I have a roster of about a dozen in Birmingham that I eat from regularly. I think I’ve nailed it. And as much as I have the ones I love, I have the ones I’ll never give a second chance to again. We could complicate it by talking about the big guns who drop in for singular weekends, or make it way more complex by dropping a bunch of new traders – mostly from Manchester – into the city’s newest, shiniest food hall, Alfred Works. It’s a big space. Ambitious in scale and with more traders than I care to research. Fifteen-ish, according to my wife, is apparently the correct-ish answer, though the restaurateur I went for a coffee with this morning seems to think it is seventeen.
It’s a big space and I like the way it bends and curves, with new rooms appearing and old ones disappearing.
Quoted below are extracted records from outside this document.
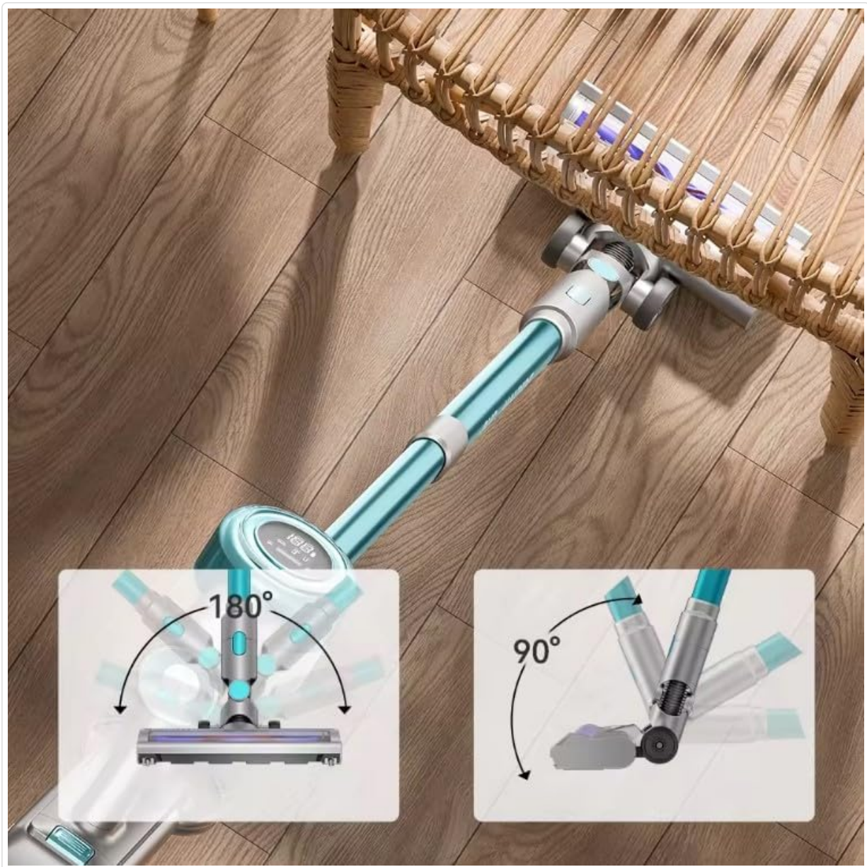
Figure 5.2: The flexible floor brush allows for easy maneuverability, including 180° swivel and 90° tilt to clean under low furniture.
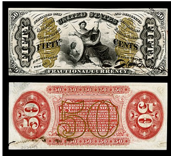
Justice holding scales, $0.50 U.S. fractional currency.
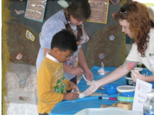
Children make coil pots at last year's Archaeology Month Kick-Off Celebration.
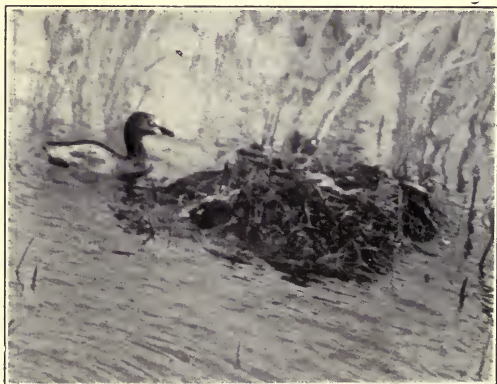
LITTLE GREBE ( page 87 )
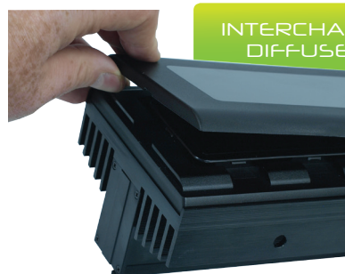
INTERCHANGEABLE DIFFUSER LENS

Installation is quick and easy, requiring only 12-32V DC / 24V AC +/- 10%.
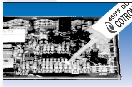
Duralco™ 125 Replaces Soldering on a Circuit Board
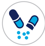
Pellets and Granules
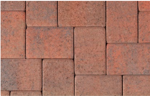
RED – BROWN – CHARCOAL

Shown: Antique Cobble I & II; 50/50 blend of TerraCotta-Brown (special order color), and Red-Brown-Charcoal installed in an "I" pattern.
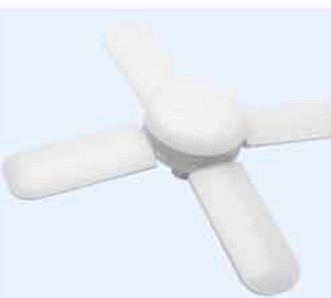
Item No.: IB031
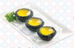
黑金蛋挞 Baked Charcoal Mini Egg Tart (3pc) $6.80 ( )
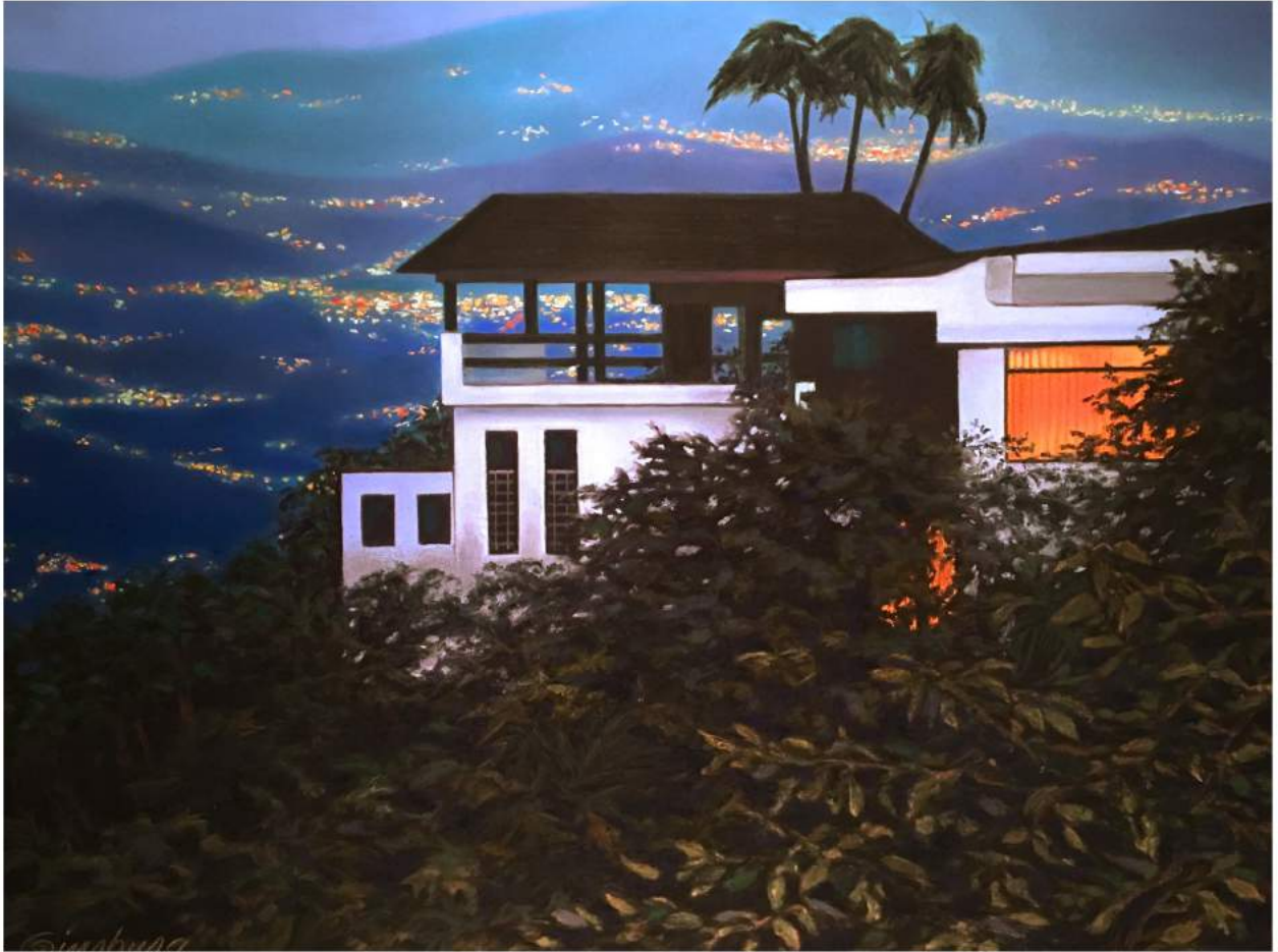
Cheri Ginsburg 'Night Falls in Costa Rica' PanPastel 24 x 18 inches / 61 x 45.7 cm
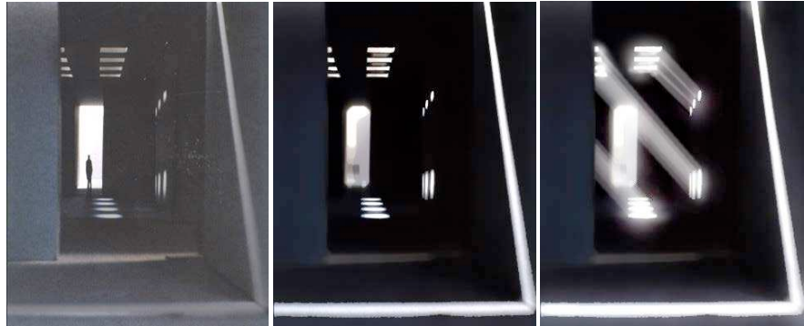
Figure 2. A mock-up picture (left) using the saturation, blur (middle) and adding direction clues (right) to pop-out lighting effects

Applying the active vision technique, the studied key feature has to pop-out from the global lighting intention. This popping effect can be achieved with graphic techniques as blur, color, movement, group, shape, etc. (Ware, 2008). The problem is to interpret the graphic technique and the associated lighting feature and to differentiate the features (fig. 2).
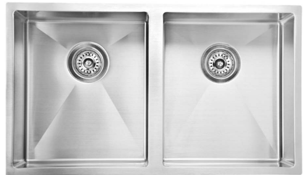
Double bowl Square Sink
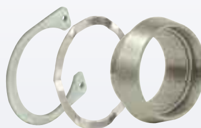
5231 Round Mortice Cylinder Guard
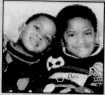
See page B2.

Adoptive family advocates put needs of children first.
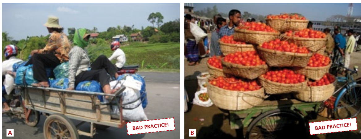
Photo 21. Bad practices during the different transport stages of tomato: (a) farm to collection center with farmers sitting on packed tomatoes and (b) collection center to wholesale market
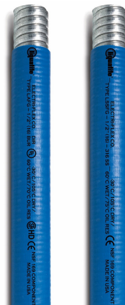
Figure 4. The antimicrobial additive used in the new Electri-Flex lines has shown the ability not only to inhibit their growth, but also to reduce the presence of microbes over a 24-hour period.

According to the World Health Organization (WHO), an estimated 600 million people fall ill each year after eating food contaminated with various microbes, parasites or chemical substances; that translates to nearly 1 in 10 people globally. Factoring in 420,000 deaths, the WHO calculates an annual loss of 33 million disability-adjusted life years (DALYs). In the U.S. alone, according to the U.S. Department of Agriculture (USDA), there are about 48 million annual episodes of foodborne illness, and 3,000 deaths; the most common foodborne pathogens cause an estimated economic burden of $14 billion to $36 billion each year. These numbers underscore the fact that safety in the food-processing industry is critically important not only for localized concerns such as operational efficiency and customer relations, but for big-picture economic and ethical reasons as well.
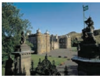
Palace of Holyroodhouse, Edinburgh
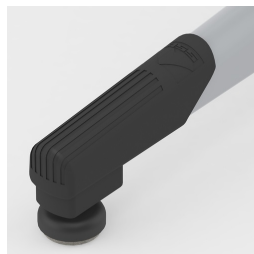
Floor protector with integrated step protection and level compensation
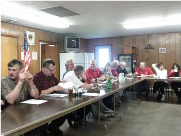
April Lions Club Meeting
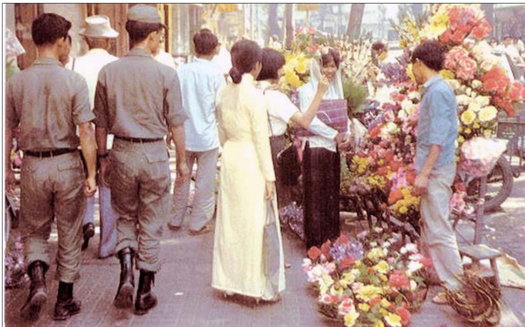
7 . Saigon, SVN: Saigon Flower Market. 1968.
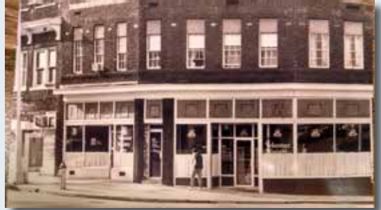
VMC's old building on Gay Street.
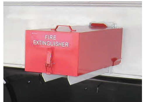
▲ Fire extinguisher

The vehicle in the photographs include optional equipments, special coloring and processing.
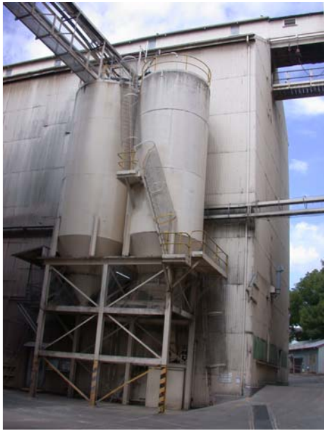
Figure 4.3 The Clean Wheat Bins Building. It is entirely occupied by timber silos.

Building 20 is located next to the eastern boundary adjacent to the rail line and comprises four large cylindrical concrete silos constructed in a square arrangement over a reinforced concrete slab. The metal clad elevator tower is located on the northern side and an escape ladder is located on the southern side of the silos.
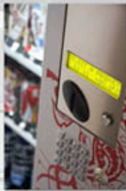
DURABLE STAINLESS STEEL KEYPAD

I like the big open plan bit in the middle and the quieter nooks, and yet I’m concerned that something of this scale in an area that has no footfall five days a week is ill thought out, especially in a city already saturated with street food venues. They are going to need a lot of people through the doors and outside of match days I’m not sure those people exist.
Those people would be a lot easier to find if the traders were high class but they are not. I tried three of the ones I’d not been to before and the quality veered from just-about-okay, to poor, to put-it-straight-in-the-bin-and-worry-about-the-eight-quid-afterwards. The average one is House of Habesha, an Ethiopian and Eritrean trader whose £15 vegan plate hardly screamed value given it consisted of four spoonfuls, a salad, and injera so thick Sophie unraveled it for an impromptu pilates session. Of those four spoonfuls the daal-like kik alecha was good if too watery compared to its far superior red lentil sibling. The gomen is a starchy green nothingness, and the braised white cabbage is devoid of any seasoning at all. It’s not a lot of food for £15, though at least my glutes and back have been stretched out.

In the same way it’s brilliant to have an Ethiopian/ Eritrean kitchen in Birmingham, it’s also equally great to have a Palestinian kitchen here, and I desperately want to like Baity but the food we had simply wasn’t good enough. Dry chicken shawarma on chips with a gloopy unidentifiable sauce. There is something really salty and abrasive that could be MSG or just too much salt. Little Penang is our last destination for chicken satay. It’s awful. My mate swears the chicken is from a frozen aisle of Wing Yip, whilst I swear I could recreate the sauce with coconut milk and a jar of peanut butter. The chicken is spongey and yet dry, and Sophie taps out after one bite in fear of getting poorly and ruining our weekend. We go home and pick a McDonalds up on the way back. I wish that last sentence was a joke.

There is better there. We could have eaten safely and well on Esmie’s and The Milkman, but what’s the point of that when there is so much new to try. I’m trying desperately to see the positives so I’ll go with this; it’s great that that they are trying to bring a flavour of the world to a bit of Brum that desperately needs the increased footfall during the week, but the food has to improve, especially when Herberts Yard and the one where you can get Soi 1268 and Zindiya exist.